Recorded data
◇ ◇ ◇

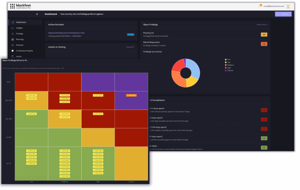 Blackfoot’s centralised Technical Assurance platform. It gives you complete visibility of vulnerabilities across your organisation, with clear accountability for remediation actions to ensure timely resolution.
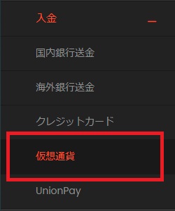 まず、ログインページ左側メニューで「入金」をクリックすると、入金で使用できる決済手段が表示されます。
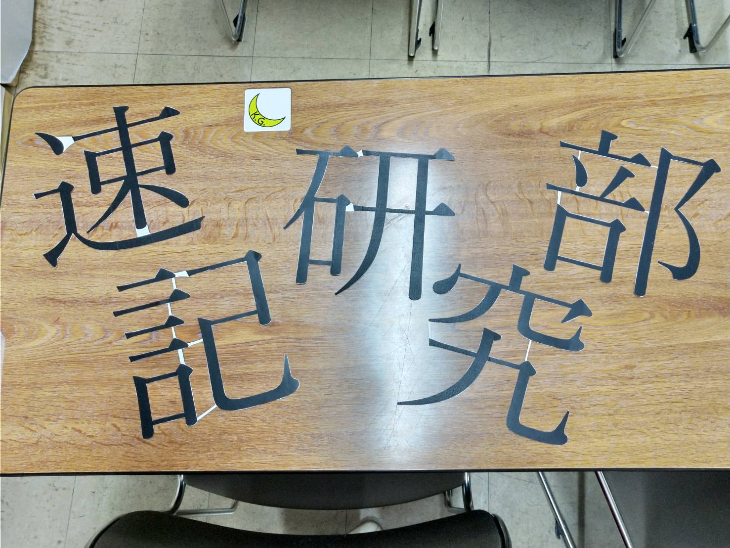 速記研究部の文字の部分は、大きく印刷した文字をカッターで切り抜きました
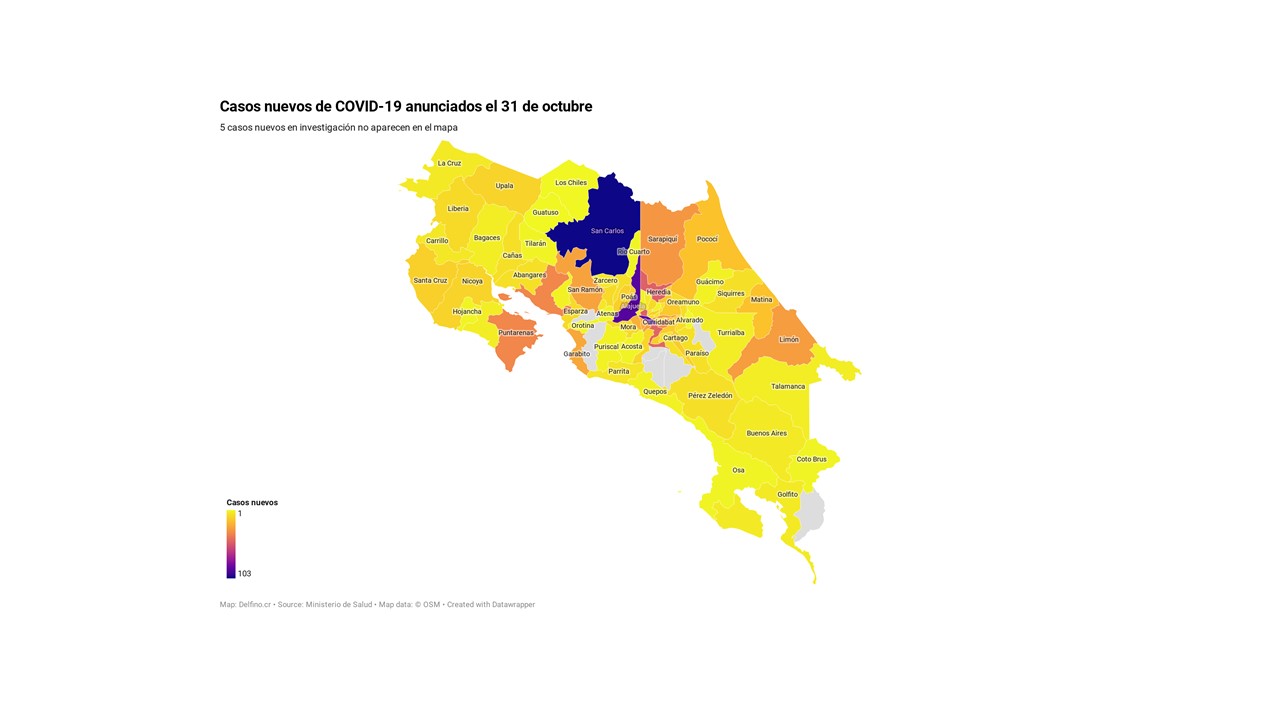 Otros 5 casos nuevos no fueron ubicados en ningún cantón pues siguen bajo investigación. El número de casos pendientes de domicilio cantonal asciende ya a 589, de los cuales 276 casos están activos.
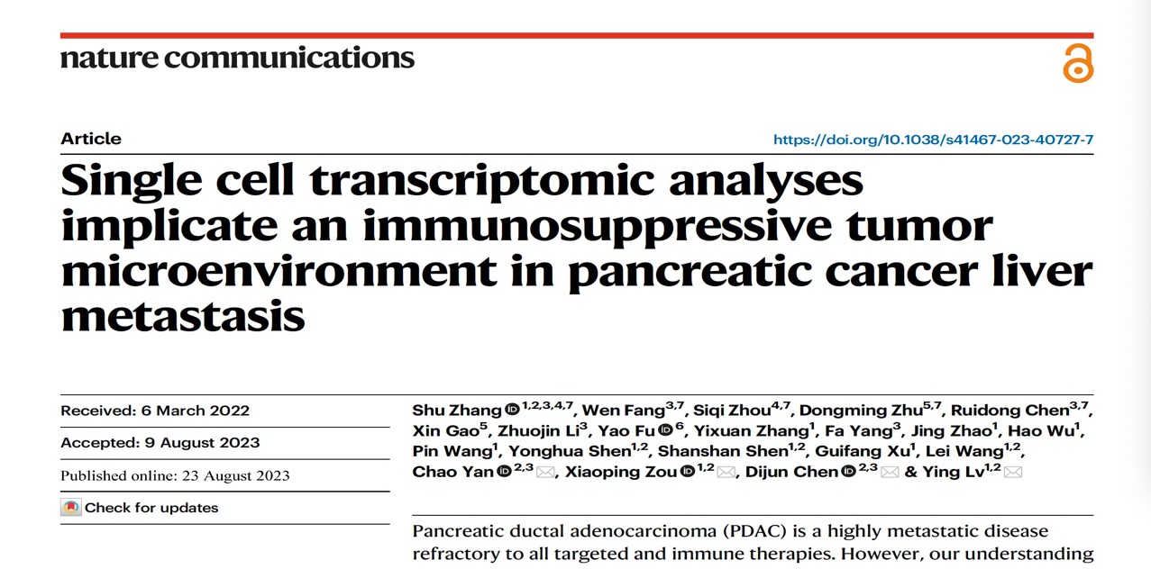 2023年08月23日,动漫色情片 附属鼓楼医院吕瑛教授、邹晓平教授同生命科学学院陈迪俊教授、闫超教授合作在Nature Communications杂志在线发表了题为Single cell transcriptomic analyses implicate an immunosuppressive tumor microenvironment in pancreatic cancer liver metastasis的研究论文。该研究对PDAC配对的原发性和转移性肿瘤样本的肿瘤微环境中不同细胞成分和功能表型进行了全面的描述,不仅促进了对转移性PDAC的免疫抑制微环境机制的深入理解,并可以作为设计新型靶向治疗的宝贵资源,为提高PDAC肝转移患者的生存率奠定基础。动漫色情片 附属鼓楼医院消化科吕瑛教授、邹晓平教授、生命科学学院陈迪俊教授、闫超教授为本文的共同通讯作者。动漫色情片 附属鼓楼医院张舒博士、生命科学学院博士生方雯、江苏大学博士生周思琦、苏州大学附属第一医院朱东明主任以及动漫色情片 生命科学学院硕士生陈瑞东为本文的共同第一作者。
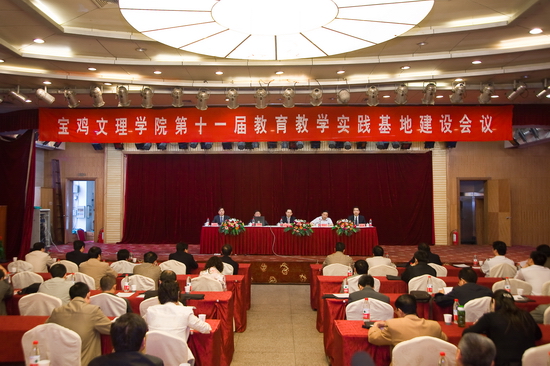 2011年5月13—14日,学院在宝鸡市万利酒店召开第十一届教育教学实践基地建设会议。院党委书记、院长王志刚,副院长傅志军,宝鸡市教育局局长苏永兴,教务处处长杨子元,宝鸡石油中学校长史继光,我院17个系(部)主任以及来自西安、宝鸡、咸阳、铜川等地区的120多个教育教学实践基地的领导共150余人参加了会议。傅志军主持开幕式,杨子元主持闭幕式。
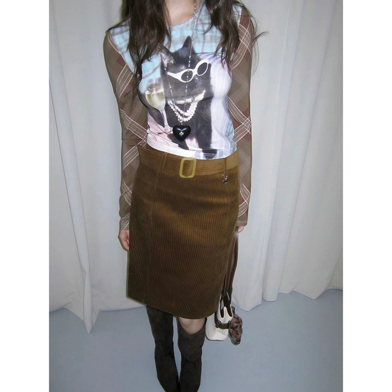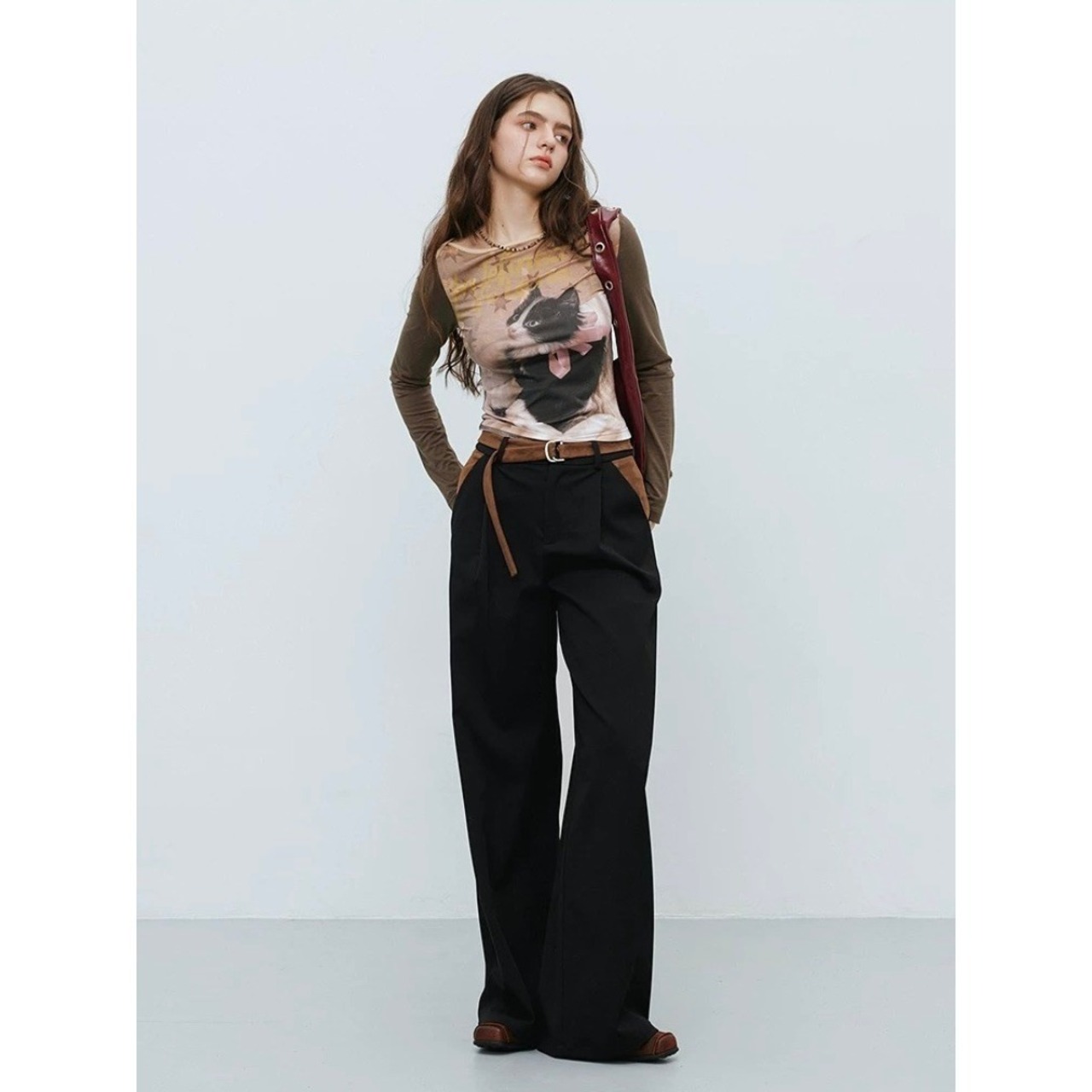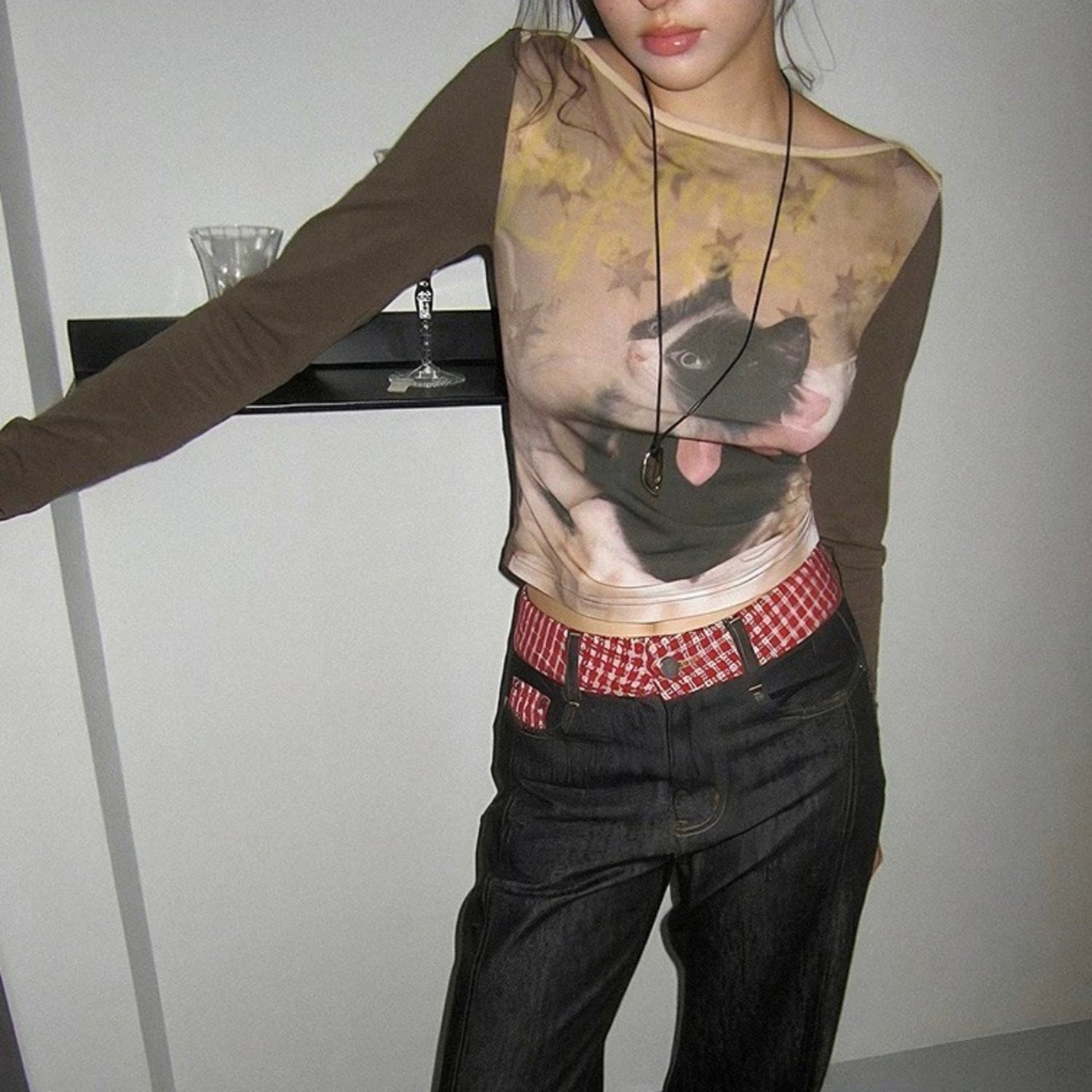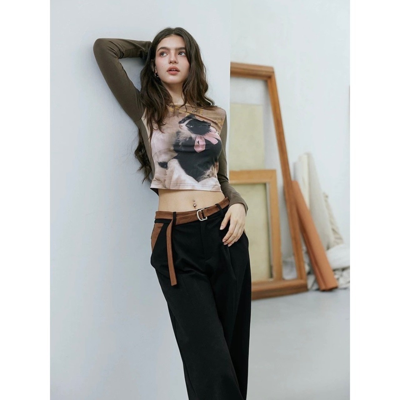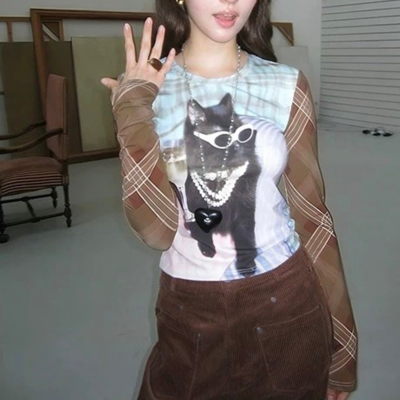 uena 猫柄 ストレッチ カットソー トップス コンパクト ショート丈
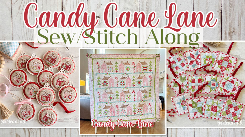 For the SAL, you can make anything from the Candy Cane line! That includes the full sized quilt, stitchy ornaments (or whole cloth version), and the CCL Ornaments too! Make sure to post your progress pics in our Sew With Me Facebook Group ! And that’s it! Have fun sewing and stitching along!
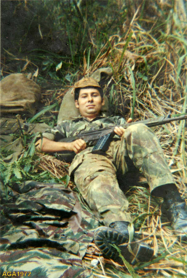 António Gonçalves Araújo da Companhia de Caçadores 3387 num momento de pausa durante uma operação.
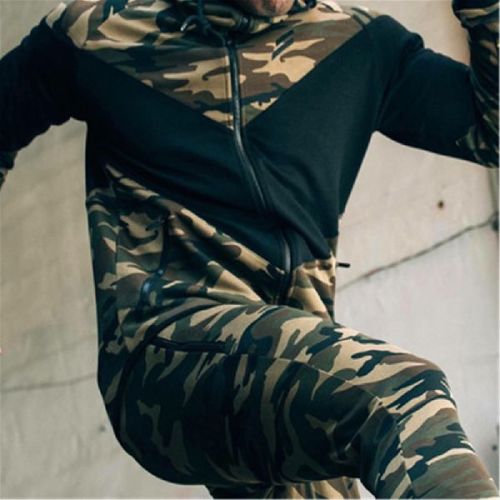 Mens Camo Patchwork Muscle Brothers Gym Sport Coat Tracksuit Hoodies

◇ ◇ ◇

Activity:
Please copy, exactly as written, the lines from the one that contains "For the SAL, you" through the end of the records, both ends included. Do not include the pictures.

Written response:
 For the SAL, you can make anything from the Candy Cane line! That includes the full sized quilt, stitchy ornaments (or whole cloth version), and the CCL Ornaments too! Make sure to post your progress pics in our Sew With Me Facebook Group ! And that’s it! Have fun sewing and stitching along!
 António Gonçalves Araújo da Companhia de Caçadores 3387 num momento de pausa durante uma operação.
 Mens Camo Patchwork Muscle Brothers Gym Sport Coat Tracksuit Hoodies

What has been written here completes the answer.